Qu’est-ce qu’un appartement idéal ? Un espace traversant, avec des fenêtres à chaque bout. Pour cela, il faut que l’immeuble ne soit pas trop large. Pas trop «épais» disent les architectes. Or, «ces dernières années, les bâtiments se sont épaissis», note Alexandre Neagu, architecte et enseignant à l’Ensa de Montpellier et à Paris-Nanterre. De 12 ou 14 mètres, largeur optimale, ils sont passés à 16 mètres. Pourquoi? «Parce que c’est la largeur du parking.» Une bande de voitures garées en épi + une bande de circulation centrale + une seconde bande de voitures garées en épi = 16 mètres de large.

Pour qu’un appartement soit traversant dans un immeuble de 16 mètres de large, il faut qu’il mesure au moins 80 mètres carrés. Pas le produit le plus facile à vendre. Donc, dans les étages, on suit le modèle du sous-sol: un couloir central et des appartements en bande de chaque côté, «mono-orientés, et parfois plein nord», résume le chercheur.
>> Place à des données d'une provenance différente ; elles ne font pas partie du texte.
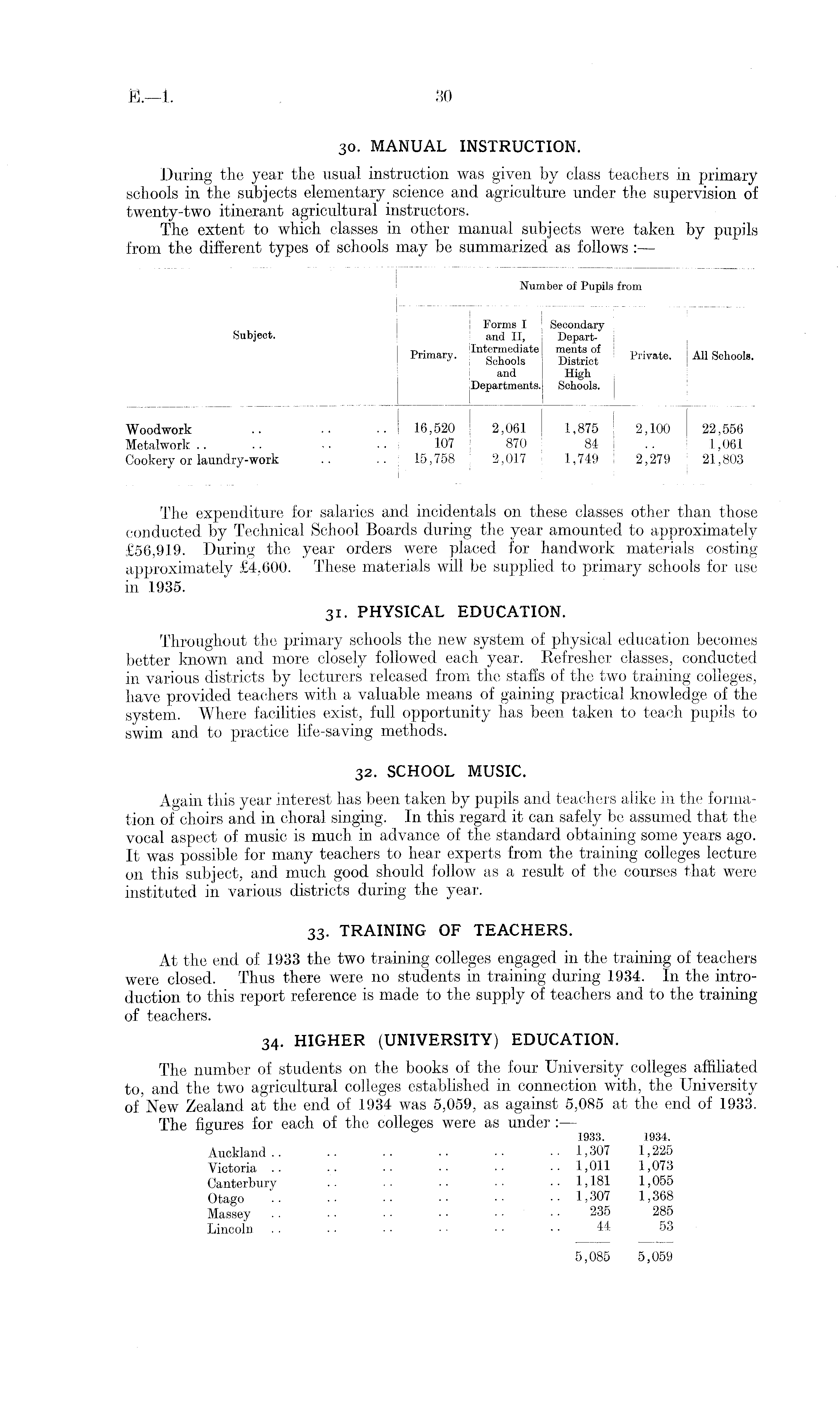 The expenditure for salaries and incidentals on these classes other than those conducted by Technical School Boards during the year amounted to approximately £56,919. During the year orders were placed for handwork materials costing approximately £4.600. These materials will be supplied to primary schools for use in 1935. 31. PHYSICAL EDUCATION. Throughout the primary schools the new system of physical education becomes better known and more closely followed each year. Refresher classes, conducted in various districts by lecturers released from the staffs of the two training colleges, have provided teachers with a valuable means of gaining practical knowledge of the system. Where facilities exist, full opportunity has been taken to teach pupils to swim and to practice life-saving methods. 32. SCHOOL MUSIC. Again this year interest has been taken by pupils and teachers alike in the formation of choirs and in choral singing. In this regard it can safely be assumed that the vocal aspect of music is much in advance of the standard obtaining some years ago. It was possible for many teachers to hear experts from the training colleges lecture on this subject, and much good should follow as a result of the courses that were instituted in various districts during the year. 33. TRAINING OF TEACHERS. At the end of 1933 the two training colleges engaged in the training of teachers were closed. Thus there were no students in training during 1934. In the introduction to this report reference is made to the supply of teachers and to the training of teachers. 34. HIGHER (UNIVERSITY) EDUCATION. The number of students on the books of the four University colleges affiliated to, and the two agricultural colleges established in connection with, the University of New Zealand at the end of 1934 was 5,059, as against 5,085 at the end of 1933. The figures for each of the colleges were as under : — 1933. 1934. Auckland .. .. .. • • • • 1 > 307 1,225 Victoria .. •• •• •• •• 1,011 1,073 Canterbury •• •• •• 1,181 1,055 Otago .. 1,307 1,368 Massey .. • • • • • • • • • • 235 285 Lincoln . . .. . ■ • • ■ • • • 44 53 5,085 5,059
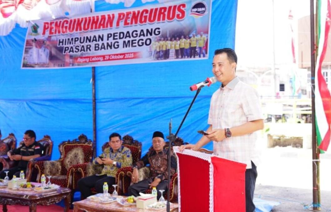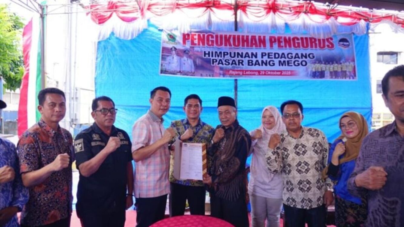 REJANG LEBONG (BENGKULU), SUARAPANCASILA.ID -Bupati Rejang Lebong H. M. Fikri Thobari, SE., M.AP. secara resmi mengukuhkan PengurusHimpunan Pedagang Pasar Bang Mego (HPPBM) periode 2025–2028, Kamis (30/10/2025).
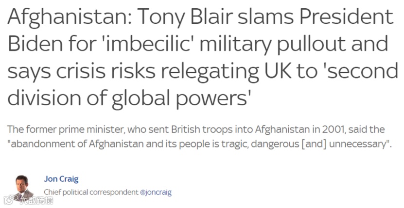 当日晚间,英国前首相布莱尔发表文章称,美国总统拜登在阿富汗的撤军行动“非常愚蠢”。对于美国此次撤军行动,他评论道:“抛弃阿富汗及其人民是悲惨的、危险的、不必要的,不符合他们的利益,也不符合我们的利益。”
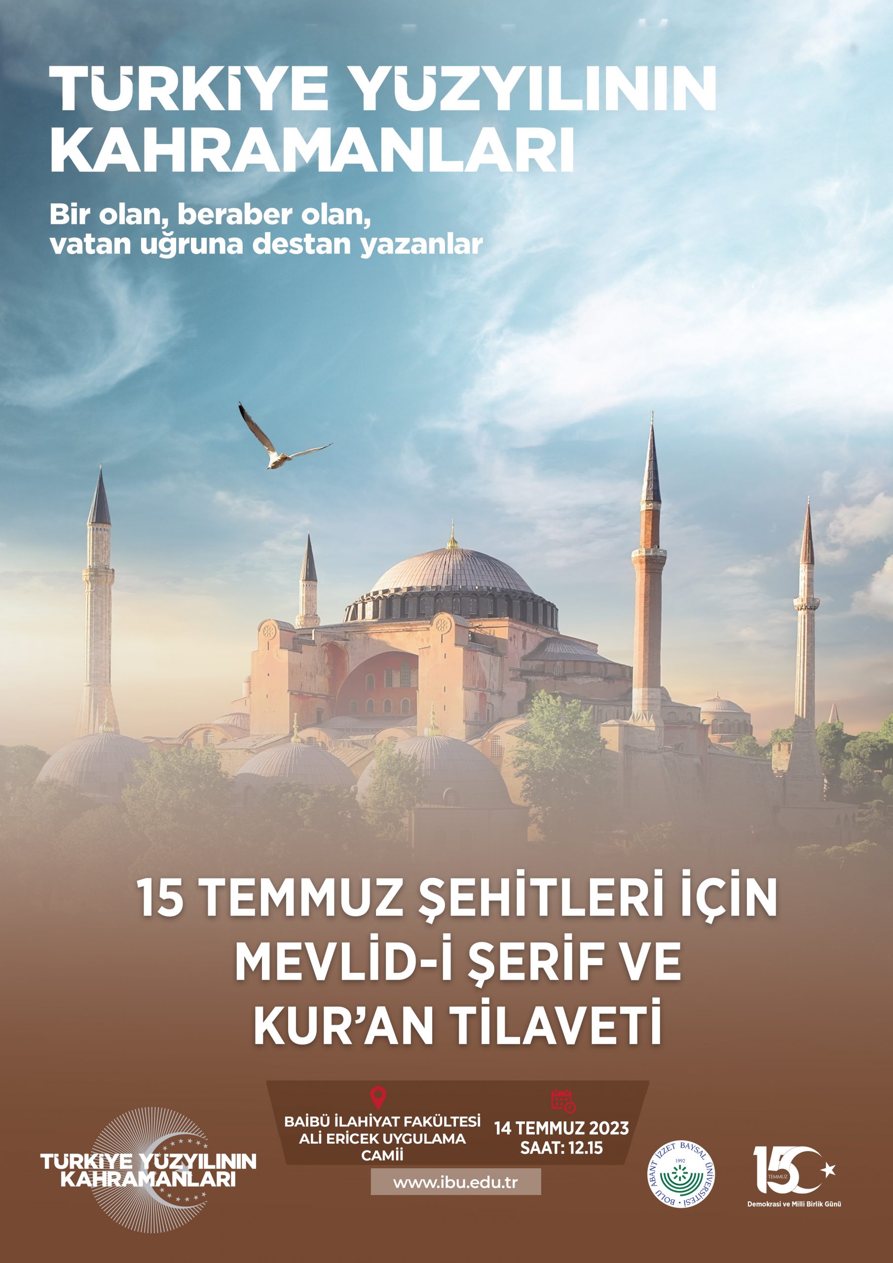 - 15 Temmuz Şehitleri için Mevlüd-i Şerif ve Kuran Tilaveti / 14 Temmuz / Saat: 12.15 / BAİBÜ İlahiyat Fakültesi Ali Ericek Uygulama Camii
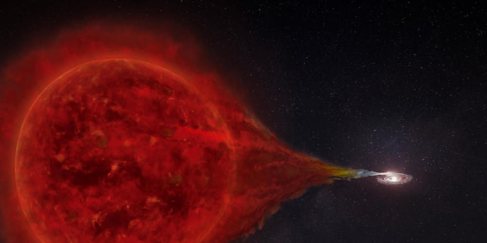Im Sternbild des Schlangenträgers ereignen sich immer wiederkehrende Novas, etwa im Abstand von 15 Jahren. Die gigantischen Explosionen im Doppelsternsystem RS Ophiuchi können entstehen, weil sich dort ein Weisser Zwerg und ein Roter Riese umkreisen. Rote Riesen sind aufgeblähte, alte Sterne, Weisse Zwerge ausgebrannte, winzige, extrem dichte Sterne. Kommen sie im Doppelpack vor, übertragen Sternwinde des Roten Riesen ihre Materie auf den Weissen Zwerg. Sobald dieser zu viel davon verschluckt hat, kommt es zu einer thermonuklearen Explosion.
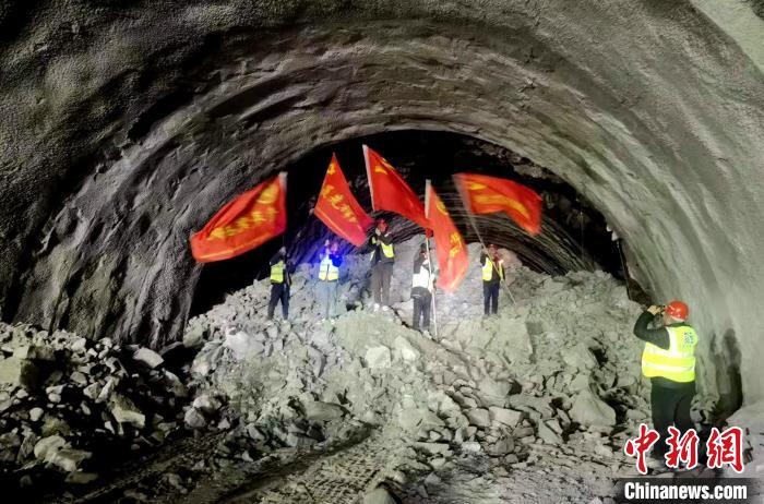 圖為12月5日,普巴隧道左洞貫通。標志著拉日高速公路工程主體全線貫通,為該工程明年6月底建成通車奠定堅實基礎(chǔ)。西藏自治區(qū)交通運輸廳供圖
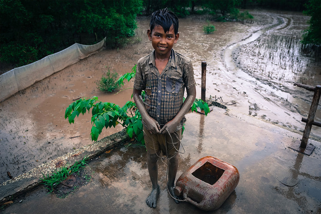There are no men or young adults here. The group that eagerly gathers to speak with us is composed of grandmothers and young children. They tell us “the loss of water is the biggest suffering.” During the drought there was no fresh water here—none for the people, animals, or crops. The government supplied drinking water for two months, but then the trucks stopped and they were forced to rely on privateers selling bottled water at vastly inflated prices. The river was too salty even to wash their clothes in.

«Le parking est généralement le poste de dépenses le plus important, confirme Jean-Raphaël Nicolini, promoteur immobilier. C’est idiot mais on conçoit le dessus à partir de ce qui se passe en dessous. Aucun promoteur n’est satisfait d’utiliser de l’argent pour couler du béton en sous-sol». Mais nombre de Plans locaux d’urbanisme (PLU), «absurdes», obligent encore à le faire…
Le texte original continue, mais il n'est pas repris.